The Cunningham court first court noted:

The fact that the email is an electronic document does not prevent it from being enforceable under Rule 11 because . . . under the uniform electronic transactions act . . . ”[i]f a law requires a signature, an electronic signature satisfies the law.” Tex. Bus. & Com. Code Ann. § 322.007 (West 2016)). By statute, the term “electronic signature” means “an electronic sound, symbol, or process attached to . . . a record and executed or adopted by a person with the intent to sign the record.” Id. at § 322.002.

Cunningham v. Zurich Am. Ins. Co., 352 S.W.3d 519, 529 (Tex. App.—Fort Worth 2011, pet denied).

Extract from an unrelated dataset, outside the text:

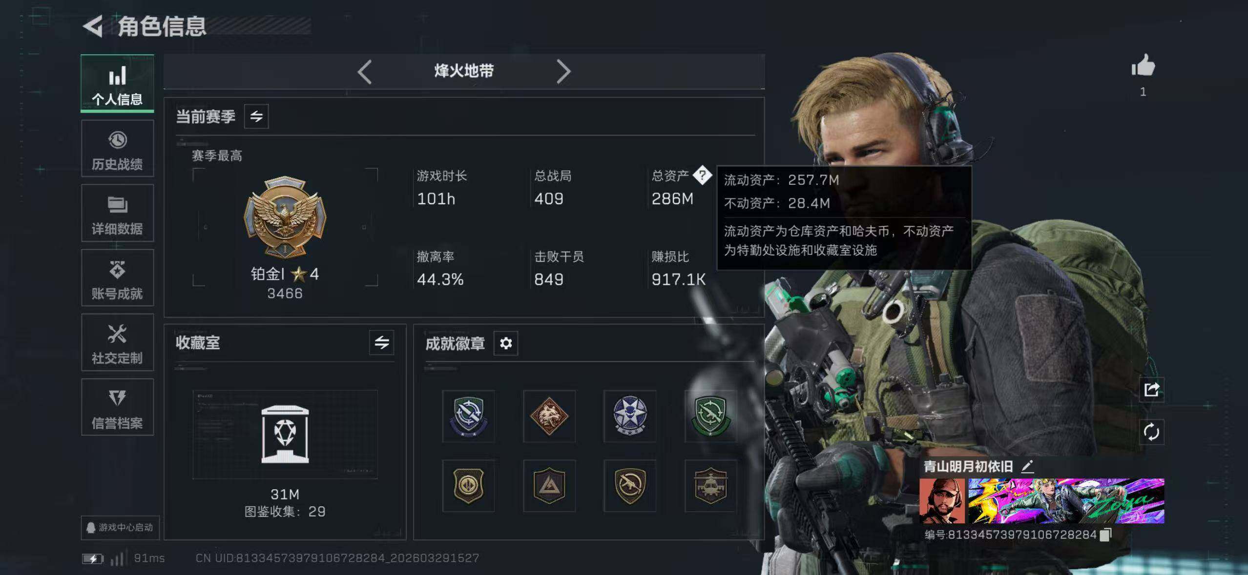 【SJ1584】283m总资产-119368k哈夫币-60烽火等级-铂金-18战场等级-上等兵

So far, so good. The Cunningham court next considered whether the email included some marking executed or adopted with the intent to sign the email. The court noted:

The email does not contain a graphical representation of Grabouski’s signature, an “/s/” followed by Grabouski’s typed name, or any other symbol or mark that unequivocally indicates a signature. The email does conclude, however, with what is commonly referred to as a “signature block,” that is, a block of information beginning with Grabouski’s name followed by her contact information.

Id. at 529–30.

Not looking great. The Cunningham court then concluded:

We decline to hold that the mere sending by Grabouski of an email containing a signature block satisfies the signature requirement when no evidence suggests that the information was typed purposefully rather than generated automatically, that Grabouski intended the typing of her name to be her signature, or that the parties had previously agreed that this action would constitute a signature. Because there is no other evidence of an electronic signature, the email was not signed, and it therefore does not meet the requirements of Rule 11.

Id. at 530.

And there you have it. In simple terms, there is no Rule 11 agreement without a graphical signature or an “/s/”. In the age of ubiquitous email, the savvy attorney needs to be diligent in obtaining more than a simple email confirming the parties’ agreement. Because much to the chagrin of Abraham Lincoln, not all attorneys are peacemakers, and you need to be ready to defend the validity of your agreements under Rule 11.